Australia’s house price growth decelerated in July following an increase in property listings that suggest sellers are taking advantage of current market strength, including those struggling to meet their obligations after rapid interest-rate increases.
(Bloomberg) — Australia’s house price growth decelerated in July following an increase in property listings that suggest sellers are taking advantage of current market strength, including those struggling to meet their obligations after rapid interest-rate increases.
Prices across Australia’s capital cities advanced 0.8%, a fifth straight monthly gain, albeit slower than June’s 1.2% pace, data from property consultancy CoreLogic Inc. showed Tuesday. Market bellwether Sydney rose 0.9% while Melbourne grew at a more subdued 0.3%.
July’s cooling was driven by the upper quartile of the market, which tends to lead the cycle and could be “a sign of a broader easing in the pace of growth over the coming months,” said Tim Lawless, research director at CoreLogic.
The figures come as the the Reserve Bank has raised its key rate to 4.1% — the highest since April 2012 — hitting consumer sentiment. At the same time, Australia’s job market remains strong, with unemployment at an ultra-low 3.5%.
The cooling in property price momentum will be welcomed by the RBA ahead of its rate decision later Tuesday. Financial markets are betting the cash rate will remain unchanged while economists see a 25 basis-point hike to 4.35%.
The central bank has lifted borrowing costs by 4 percentage points since May 2022 as it tries to bring down inflation and engineer a soft landing.

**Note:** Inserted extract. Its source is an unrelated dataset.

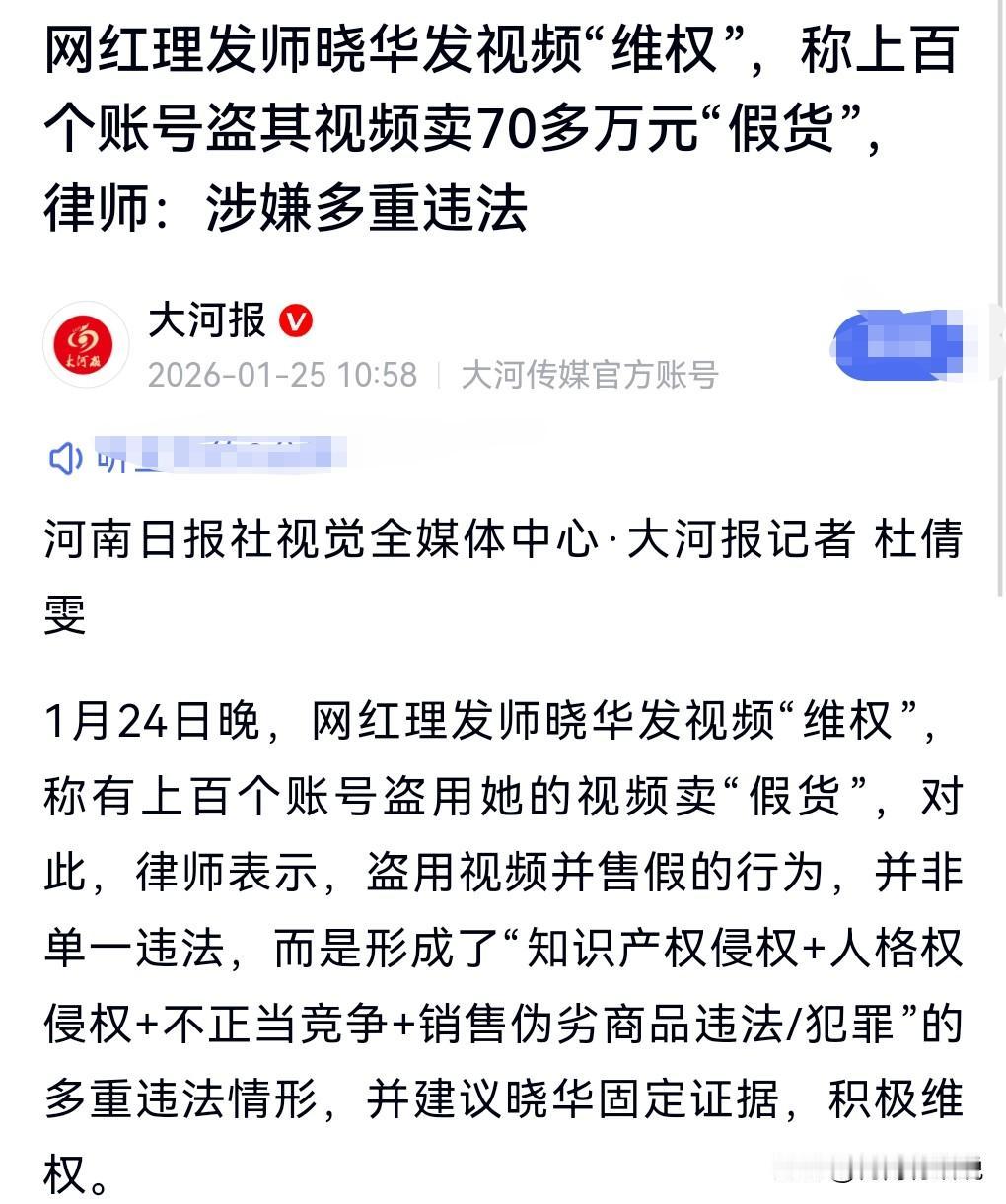 现在这年头违法犯罪的人员实在是太多了,特别是涉嫌经济犯罪的。 1月25日热搜。 网红理发师晓华发视频“维权”。 说了上百个账号盗她他的视频卖假货,卖了好几十万。 这确实是不地道啊,是一种侵权行为呀。 那肯定是支持这个网红来维权的,要是人人都这样盗视频卖假货的话,那不乱套了吗? 社会需要较真和维权的人。

Tuesday’s data showed the flow of new home listings in capital city markets rose almost 4% over July, bucking a seasonal trend in which vendors traditionally put off sales during winter months.
“It may be the case that more home owners are picking current market conditions as a good time to sell,” said Lawless. “Another possibility is that we are seeing the first signs of motivated selling as the rapid rate hiking cycle catches up with household balance sheets.”
A borrower with a 20% deposit and earning a full-time average wage has a 29% lower “capacity to pay” for a home than in April last year, according to Shane Oliver, chief economist at AMP Capital Markets. That is one of the reasons he sees a high risk of increased distressed sales.
The RBA estimates that more than 15% of variable rate borrowers, which covers about 1 million people, will have negative cash flow by year’s end. The unemployment rate is also expected to rise in coming months as the broader economy slows, adding to headwinds for the housing market.
What Bloomberg Economics Says…
“Surprise rate hikes from the RBA in May and June, and a further 25-basis-point hike we expect in August, will further erode borrowing potential, which — along with the cumulative effect of tightening through 2022 and 2023 – will weigh on the market”
— James McIntyre, economist.
Even so, the data indicate the housing rebound that began earlier this year persists — over the three months to July, prices in Sydney climbed 4.5% for a median home value of A$1.08 million ($720,000).
Strong population growth in Australia and a supply shortage have fueled price gains despite higher borrowing costs.
“Overall, the housing market remains resilient to a double dip downturn,” Lawless said. “The trend in advertised stock levels will be a key factor determining housing market outcomes.”